### Material provided
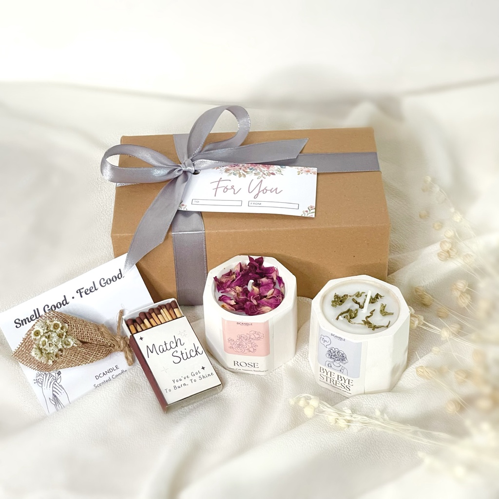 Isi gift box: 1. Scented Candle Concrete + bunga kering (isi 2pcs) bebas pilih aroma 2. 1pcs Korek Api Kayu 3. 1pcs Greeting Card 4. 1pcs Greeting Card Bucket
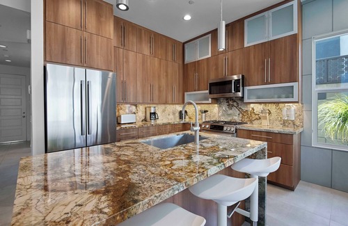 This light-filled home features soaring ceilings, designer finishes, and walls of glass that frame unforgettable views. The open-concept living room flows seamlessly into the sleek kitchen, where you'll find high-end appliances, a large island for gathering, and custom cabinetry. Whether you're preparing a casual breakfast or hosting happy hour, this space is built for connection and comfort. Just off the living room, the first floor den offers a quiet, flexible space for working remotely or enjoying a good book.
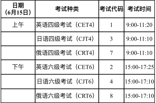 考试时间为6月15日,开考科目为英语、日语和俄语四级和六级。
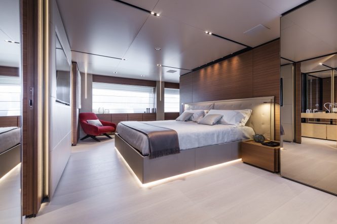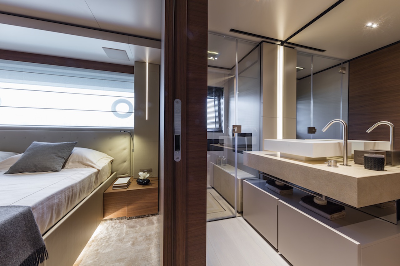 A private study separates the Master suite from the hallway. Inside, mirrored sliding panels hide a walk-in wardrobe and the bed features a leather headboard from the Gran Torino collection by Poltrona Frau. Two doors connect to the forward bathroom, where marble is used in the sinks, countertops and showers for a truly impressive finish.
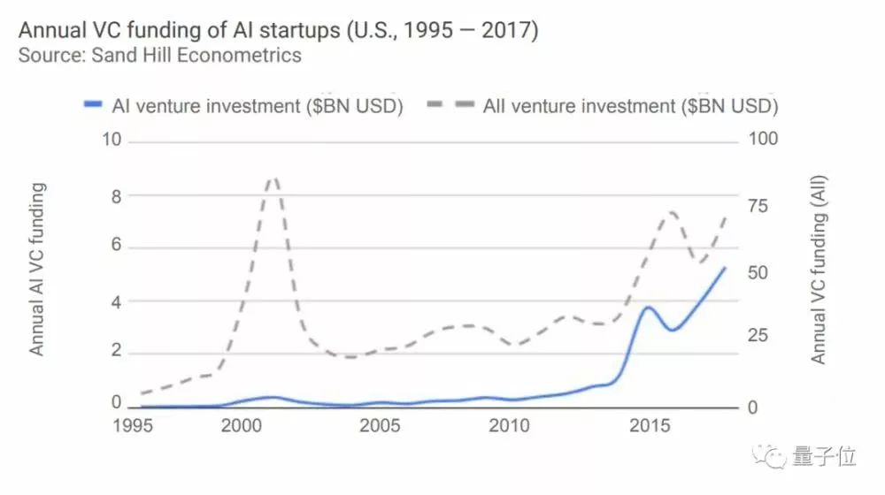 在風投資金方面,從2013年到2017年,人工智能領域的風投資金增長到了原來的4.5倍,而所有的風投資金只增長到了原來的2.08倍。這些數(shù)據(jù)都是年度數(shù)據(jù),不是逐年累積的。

* * *

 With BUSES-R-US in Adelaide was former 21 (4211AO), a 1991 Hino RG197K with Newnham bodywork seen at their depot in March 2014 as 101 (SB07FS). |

...

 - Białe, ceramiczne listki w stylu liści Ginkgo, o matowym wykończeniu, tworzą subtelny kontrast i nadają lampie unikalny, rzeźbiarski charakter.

### Your instructions
With pictures excluded, reproduce exactly the lines above from the one containing "Isi gift box: 1." down to the one containing "在風投資金方面,從2013年", those two included.

### Answer to this task
 Isi gift box: 1. Scented Candle Concrete + bunga kering (isi 2pcs) bebas pilih aroma 2. 1pcs Korek Api Kayu 3. 1pcs Greeting Card 4. 1pcs Greeting Card Bucket
 This light-filled home features soaring ceilings, designer finishes, and walls of glass that frame unforgettable views. The open-concept living room flows seamlessly into the sleek kitchen, where you'll find high-end appliances, a large island for gathering, and custom cabinetry. Whether you're preparing a casual breakfast or hosting happy hour, this space is built for connection and comfort. Just off the living room, the first floor den offers a quiet, flexible space for working remotely or enjoying a good book.
 考试时间为6月15日,开考科目为英语、日语和俄语四级和六级。
 A private study separates the Master suite from the hallway. Inside, mirrored sliding panels hide a walk-in wardrobe and the bed features a leather headboard from the Gran Torino collection by Poltrona Frau. Two doors connect to the forward bathroom, where marble is used in the sinks, countertops and showers for a truly impressive finish.
 在風投資金方面,從2013年到2017年,人工智能領域的風投資金增長到了原來的4.5倍,而所有的風投資金只增長到了原來的2.08倍。這些數(shù)據(jù)都是年度數(shù)據(jù),不是逐年累積的。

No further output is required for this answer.